THE TASK: For the copy, please give all of the data again exactly and leave the pictures out.

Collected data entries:
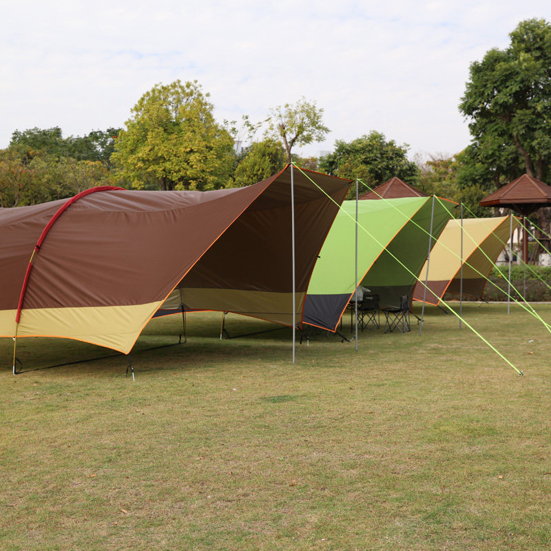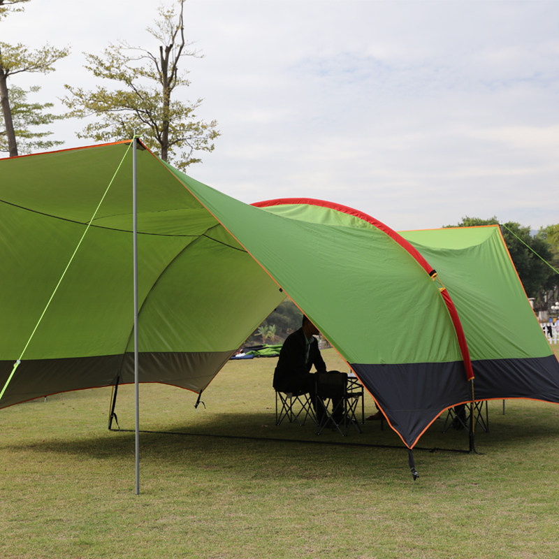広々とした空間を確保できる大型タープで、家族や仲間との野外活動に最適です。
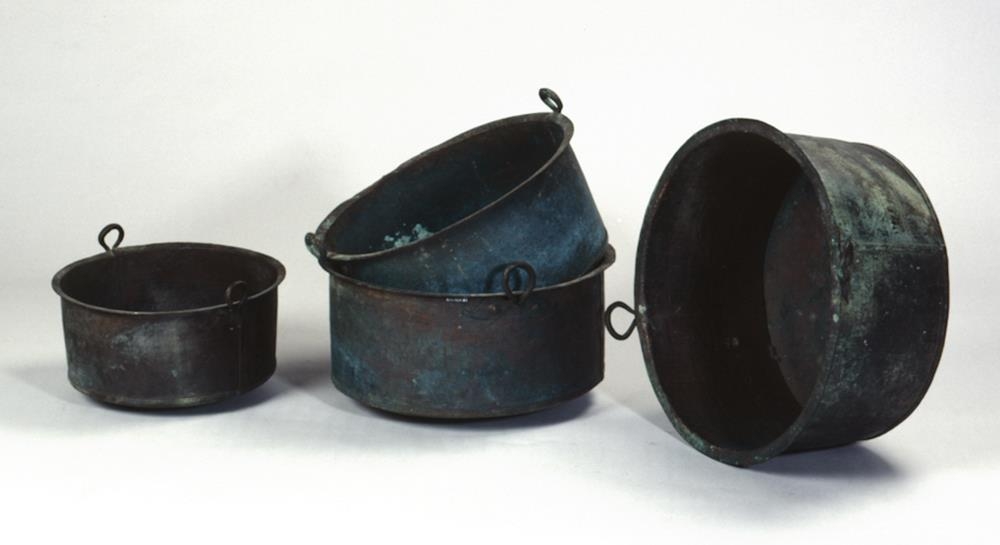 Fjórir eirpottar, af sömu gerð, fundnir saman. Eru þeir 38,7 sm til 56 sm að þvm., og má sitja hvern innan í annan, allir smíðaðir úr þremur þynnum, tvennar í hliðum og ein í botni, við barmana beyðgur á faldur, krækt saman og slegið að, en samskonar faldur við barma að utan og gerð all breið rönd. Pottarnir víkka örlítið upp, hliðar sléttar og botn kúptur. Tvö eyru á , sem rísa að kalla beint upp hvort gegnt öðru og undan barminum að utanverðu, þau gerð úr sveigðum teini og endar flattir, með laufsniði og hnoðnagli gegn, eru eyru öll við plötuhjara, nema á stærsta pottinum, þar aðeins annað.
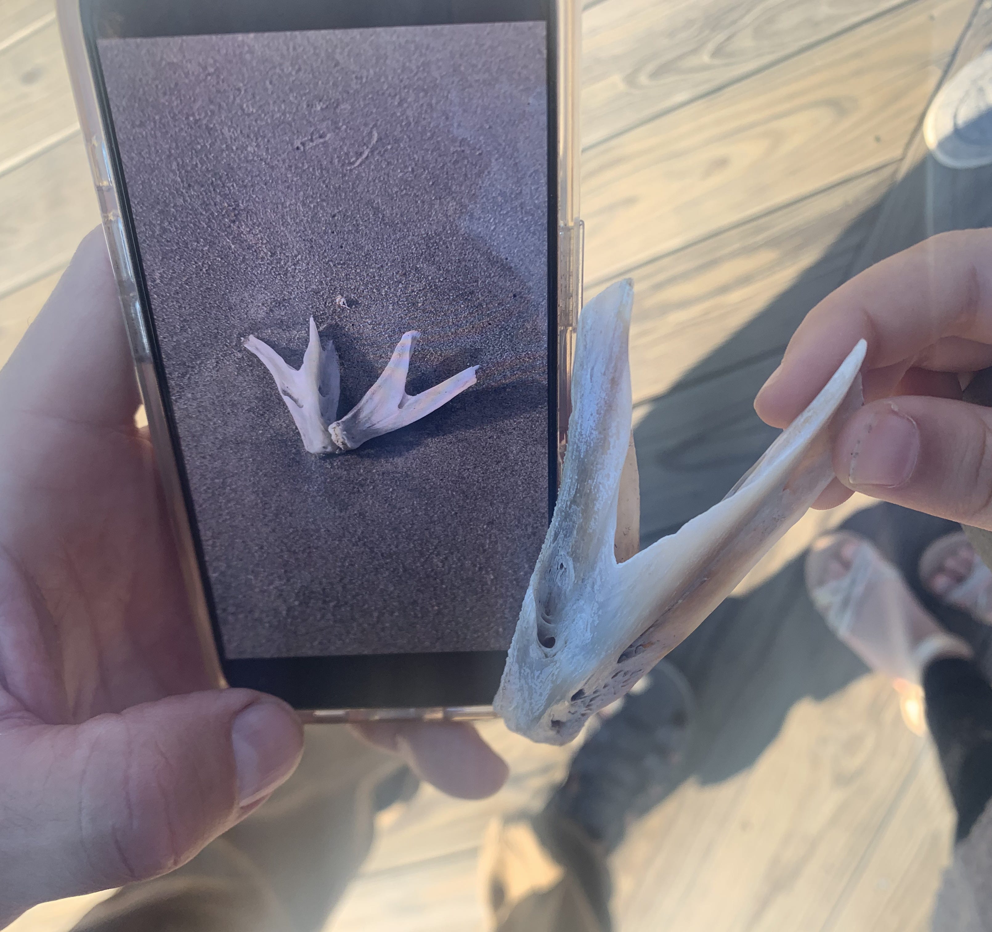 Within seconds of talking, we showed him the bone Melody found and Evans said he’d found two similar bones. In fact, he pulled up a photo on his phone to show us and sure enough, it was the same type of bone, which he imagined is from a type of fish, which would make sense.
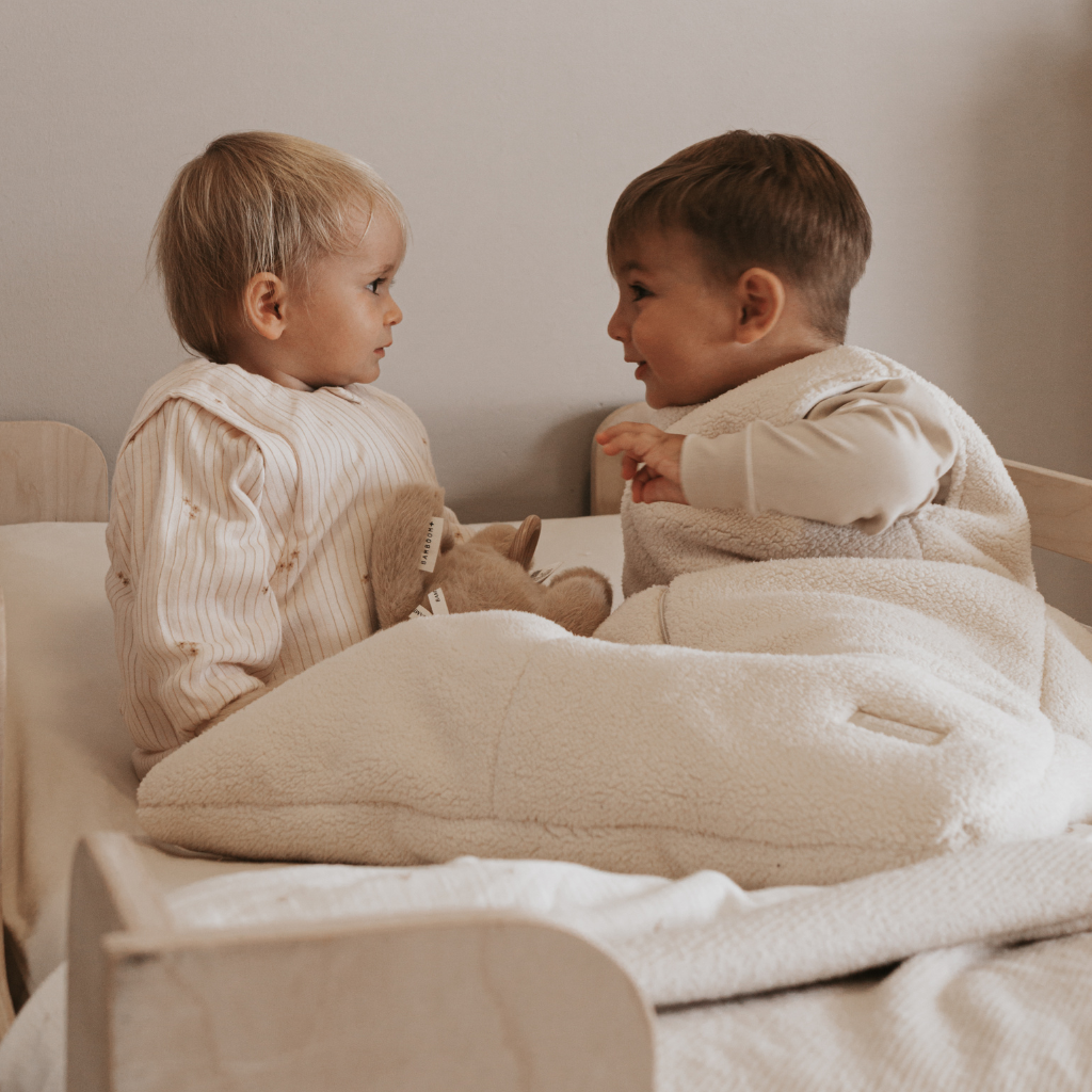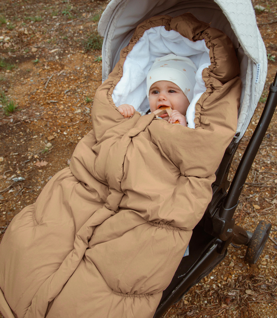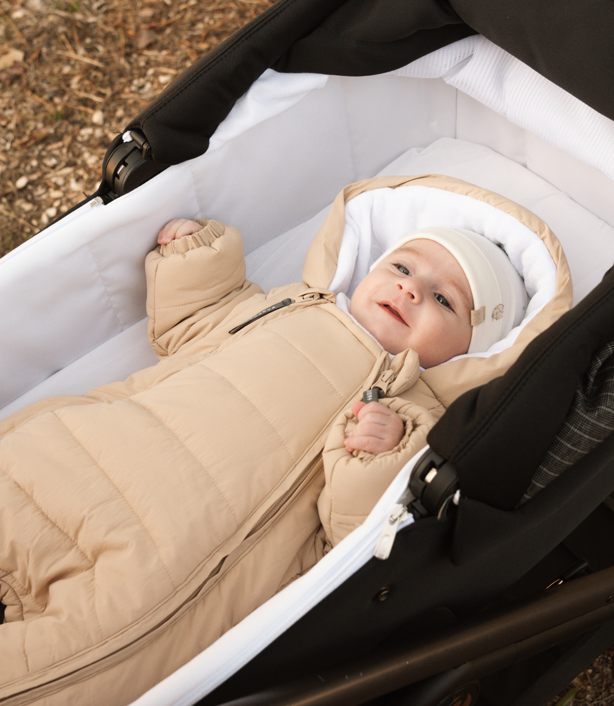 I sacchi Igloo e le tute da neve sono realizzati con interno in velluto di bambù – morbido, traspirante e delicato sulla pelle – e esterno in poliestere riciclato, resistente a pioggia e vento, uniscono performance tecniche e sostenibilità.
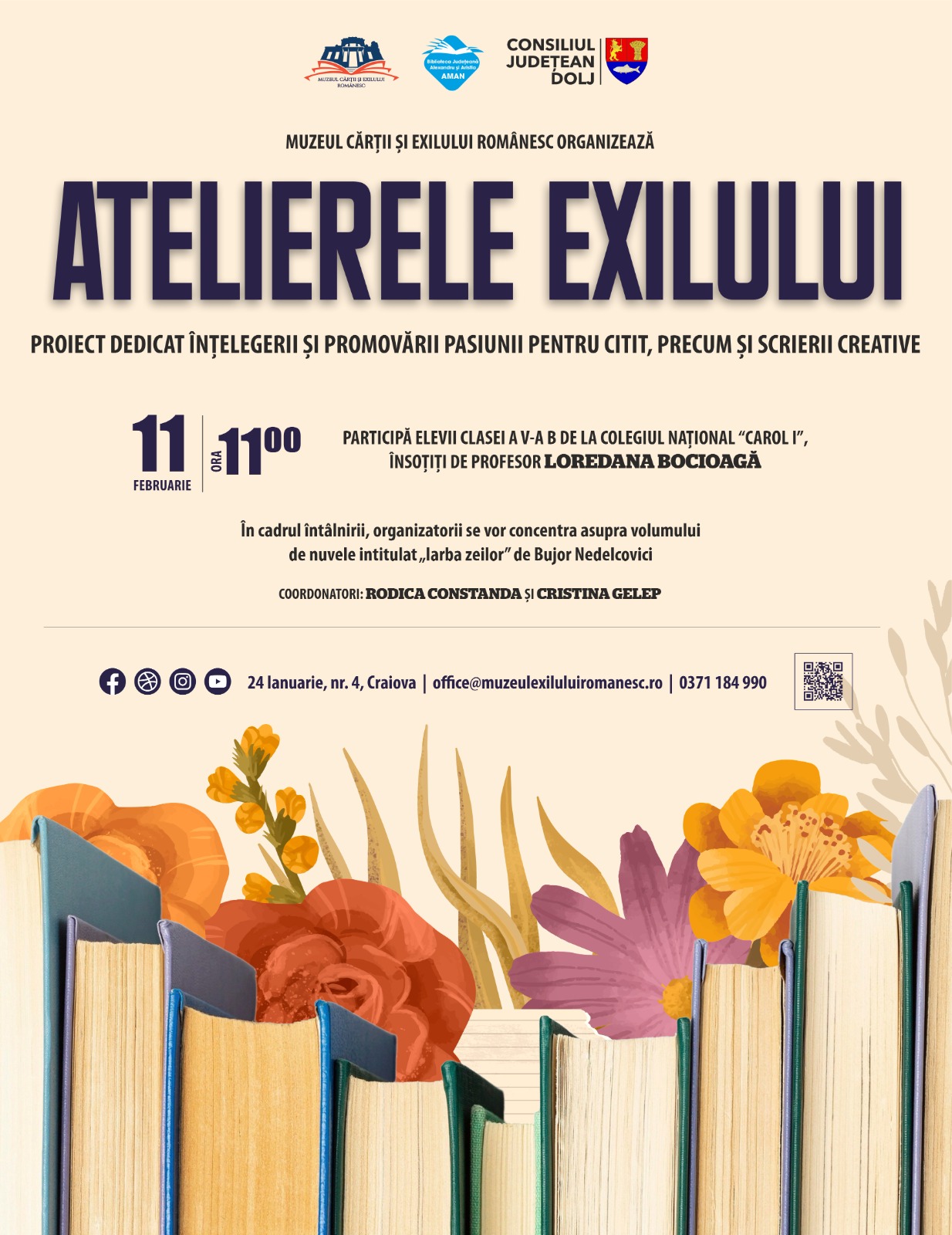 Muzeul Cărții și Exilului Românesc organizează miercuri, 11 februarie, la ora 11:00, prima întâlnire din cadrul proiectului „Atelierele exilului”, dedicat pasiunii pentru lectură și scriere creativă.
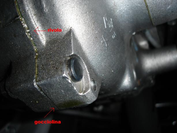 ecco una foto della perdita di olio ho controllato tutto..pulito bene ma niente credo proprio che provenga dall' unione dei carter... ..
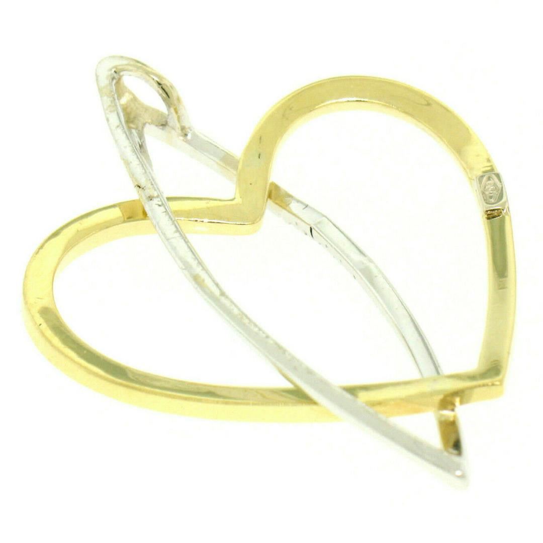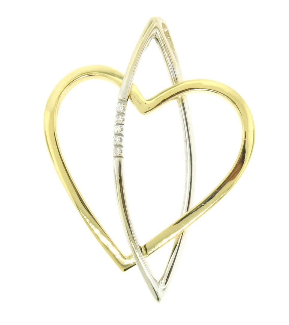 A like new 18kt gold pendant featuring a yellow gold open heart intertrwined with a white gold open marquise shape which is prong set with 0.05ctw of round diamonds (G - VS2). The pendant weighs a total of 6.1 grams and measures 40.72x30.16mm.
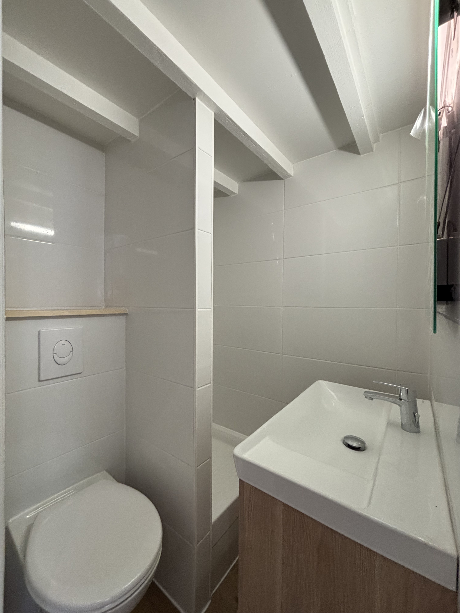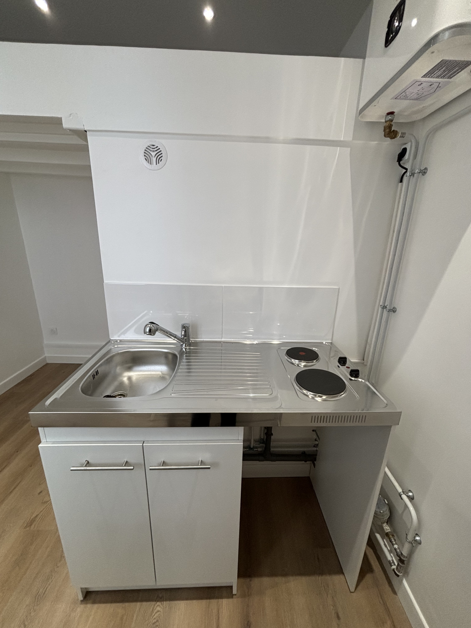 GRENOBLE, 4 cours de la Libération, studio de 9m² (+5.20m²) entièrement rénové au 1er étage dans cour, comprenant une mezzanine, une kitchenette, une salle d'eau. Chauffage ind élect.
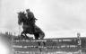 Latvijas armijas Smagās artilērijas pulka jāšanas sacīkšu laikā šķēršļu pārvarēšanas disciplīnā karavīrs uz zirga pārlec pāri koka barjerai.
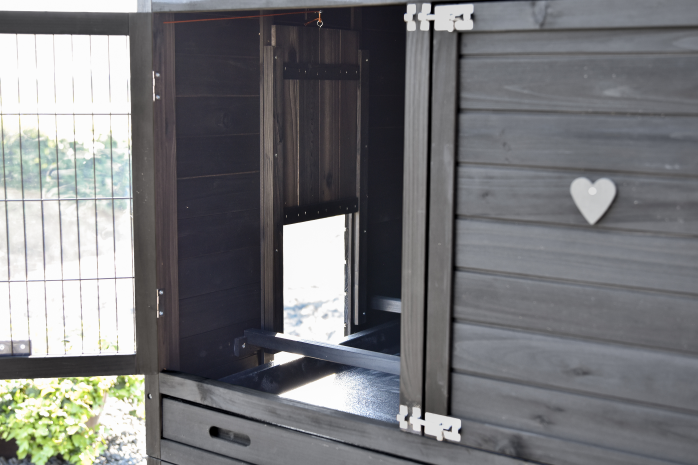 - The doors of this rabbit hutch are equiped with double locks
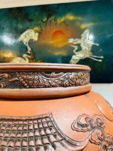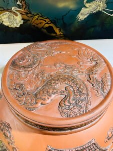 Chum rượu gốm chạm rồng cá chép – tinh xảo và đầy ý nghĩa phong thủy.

WRITTEN SOLUTION:
広々とした空間を確保できる大型タープで、家族や仲間との野外活動に最適です。
 Fjórir eirpottar, af sömu gerð, fundnir saman. Eru þeir 38,7 sm til 56 sm að þvm., og má sitja hvern innan í annan, allir smíðaðir úr þremur þynnum, tvennar í hliðum og ein í botni, við barmana beyðgur á faldur, krækt saman og slegið að, en samskonar faldur við barma að utan og gerð all breið rönd. Pottarnir víkka örlítið upp, hliðar sléttar og botn kúptur. Tvö eyru á , sem rísa að kalla beint upp hvort gegnt öðru og undan barminum að utanverðu, þau gerð úr sveigðum teini og endar flattir, með laufsniði og hnoðnagli gegn, eru eyru öll við plötuhjara, nema á stærsta pottinum, þar aðeins annað.
 Within seconds of talking, we showed him the bone Melody found and Evans said he’d found two similar bones. In fact, he pulled up a photo on his phone to show us and sure enough, it was the same type of bone, which he imagined is from a type of fish, which would make sense.
 I sacchi Igloo e le tute da neve sono realizzati con interno in velluto di bambù – morbido, traspirante e delicato sulla pelle – e esterno in poliestere riciclato, resistente a pioggia e vento, uniscono performance tecniche e sostenibilità.
 Muzeul Cărții și Exilului Românesc organizează miercuri, 11 februarie, la ora 11:00, prima întâlnire din cadrul proiectului „Atelierele exilului”, dedicat pasiunii pentru lectură și scriere creativă.
 ecco una foto della perdita di olio ho controllato tutto..pulito bene ma niente credo proprio che provenga dall' unione dei carter... ..
 A like new 18kt gold pendant featuring a yellow gold open heart intertrwined with a white gold open marquise shape which is prong set with 0.05ctw of round diamonds (G - VS2). The pendant weighs a total of 6.1 grams and measures 40.72x30.16mm.
 GRENOBLE, 4 cours de la Libération, studio de 9m² (+5.20m²) entièrement rénové au 1er étage dans cour, comprenant une mezzanine, une kitchenette, une salle d'eau. Chauffage ind élect.
 Latvijas armijas Smagās artilērijas pulka jāšanas sacīkšu laikā šķēršļu pārvarēšanas disciplīnā karavīrs uz zirga pārlec pāri koka barjerai.
 - The doors of this rabbit hutch are equiped with double locks
 Chum rượu gốm chạm rồng cá chép – tinh xảo và đầy ý nghĩa phong thủy.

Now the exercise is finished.